Summer arrived awhile ago here in Arizona...once the 100 degree temps started I refused to turn on the stove or oven anymore. We grill almost everynight. Typically you will always find sweet onions, asparagus, and red bell peppers on our grill to accompany whatever we are having(often fish).

We also eat a lot of main course salads. Our favorite is grilled sea bass, grapefruit, mango and avocado salad.

Would love some suggestions on cold soups besides gazpacho if anyone has one they love!


----------



## pooh (Mar 13, 2001)

Grilling, from veggies, to meat, to fruit...absolutely everything _GRILLED_!

Cold Avocado-Tequila Soup

1/2 cup tightly packed fresh cilantro leaves
1 jalapeno pepper stemmed, seeded, and coarsely chopped
1/2 cup lemon juice 
1/4 cup tequila 
One 15-ounce can chicken broth, fat skimmed from top
2 ripe avocados (about 1 pound), peeled, pitted, and coarsely chopped 
1/2 teaspoon salt, or to taste 
4 lemon wedges (optional) 
1 small tomato (optional), cut into 1/4-inch dice

1. Place the cilantro and jalapeno in a blender or the work bowl of a food processor. Process until finely chopped, scraping down the sides of the bowl once or twice as necessary.
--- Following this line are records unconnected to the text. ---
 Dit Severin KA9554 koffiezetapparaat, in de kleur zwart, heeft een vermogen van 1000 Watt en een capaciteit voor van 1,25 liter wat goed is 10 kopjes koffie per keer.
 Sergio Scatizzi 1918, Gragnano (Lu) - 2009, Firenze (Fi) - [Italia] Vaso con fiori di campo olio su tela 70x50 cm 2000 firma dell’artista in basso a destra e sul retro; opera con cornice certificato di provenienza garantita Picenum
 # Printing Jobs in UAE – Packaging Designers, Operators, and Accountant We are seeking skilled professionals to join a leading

2. Add the lemon juice, tequila, chicken broth, avocados and salt, and process until smooth. Refrigerate the soup until it is well chilled, about 1 hour. (It can be refrigerated up to 6 hours until ready to serve.)
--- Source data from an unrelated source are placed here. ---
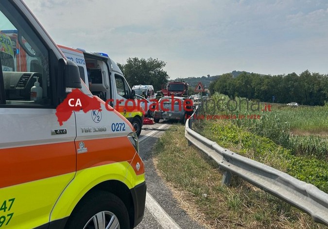 Grave incidente a metà mattinata, intorno alle 11, all’altezza dello svincolo per Sirolo, a Camerano.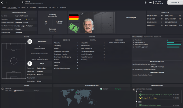 Ruprecht Prusseit found himself on the managerial scrapheap within two years of starting his Football Manager career. The Dresden-born coach was unceremoniously sacked when his FSV Zwickau side was dumped out of 3. Liga in dramatic fashion by local rivals Erzgebirge Aue.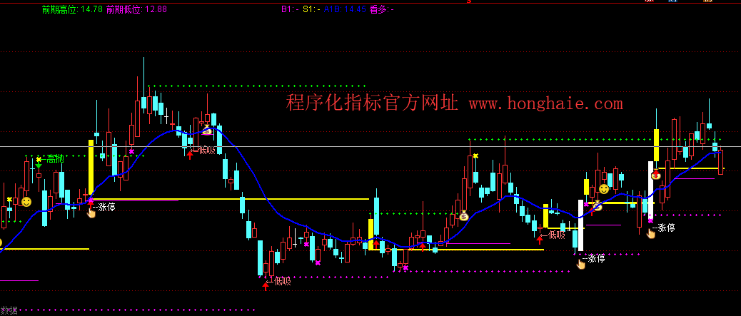 STICKLINE(跌停,OPEN,CLOSE,-1,0),COLORBLUE;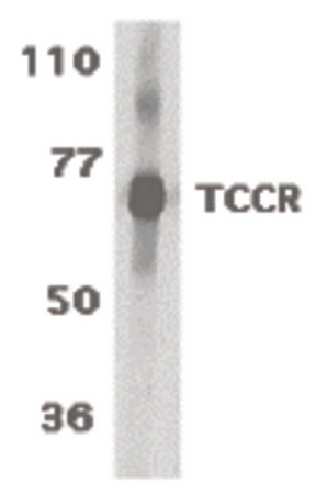 Western blot of TCCR expression in human spleen tissue lysates with TCCR antibody at 1 ug /ml.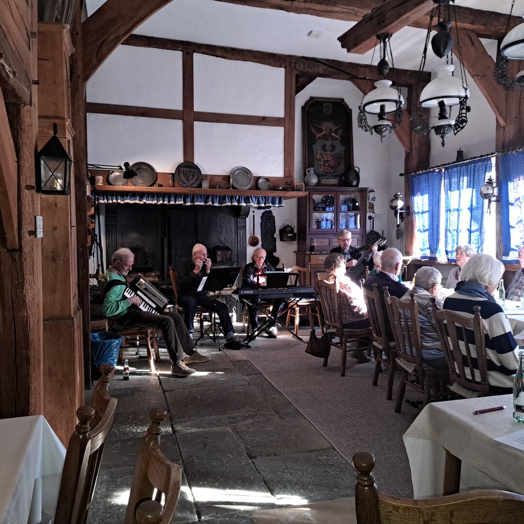 Es durfte auch gesungen werden und der Dank geht hierbei im Besonderen an Marlies Busch, die kurzfristig zugesagt hatte, die Instrumentalgruppe des Heimatvereins auf ihrem Akkordeon zu begleiten.

3. Ladle the soup into 6 serving bowls and garnish each bowl with a lemon wedge and a tablespoon or two of chopped tomato, if desired. Serve immediately.


----------



## nancya (Apr 30, 2001)

that sounds really yummy pooh - going to have to take it to my next moon ceremony. Ladies would love it.


----------



## pooh (Mar 13, 2001)

What's a moon ceremony?


----------



## nancya (Apr 30, 2001)

Pooh, a moon ceremony is a Native American ceremony. Women gather together, talk a lot - about feelings, spirituality, life, - and then we eat. Always looking for something interesting and not too hard to take. Try to meet on the full moon, but we are off a lot lately. Busy all the time.


----------



## pooh (Mar 13, 2001)

Sounds interesting Nancya.

Thanks!


----------



## kimmie (Mar 13, 2001)

How about

Cold Pear and Watercress Soup

I have to translate the recipe. Anyone interested?


----------



## jill reichow (Mar 12, 2001)

Ziggy - How about fresh strawberry soup served in cantelop halves that you remove some of the cantelop then garnish with the reserved cantelop and fresh mint sprigs?


----------



## ziggy (May 14, 2001)

pooh - thanks for the recipe! sounds yummy.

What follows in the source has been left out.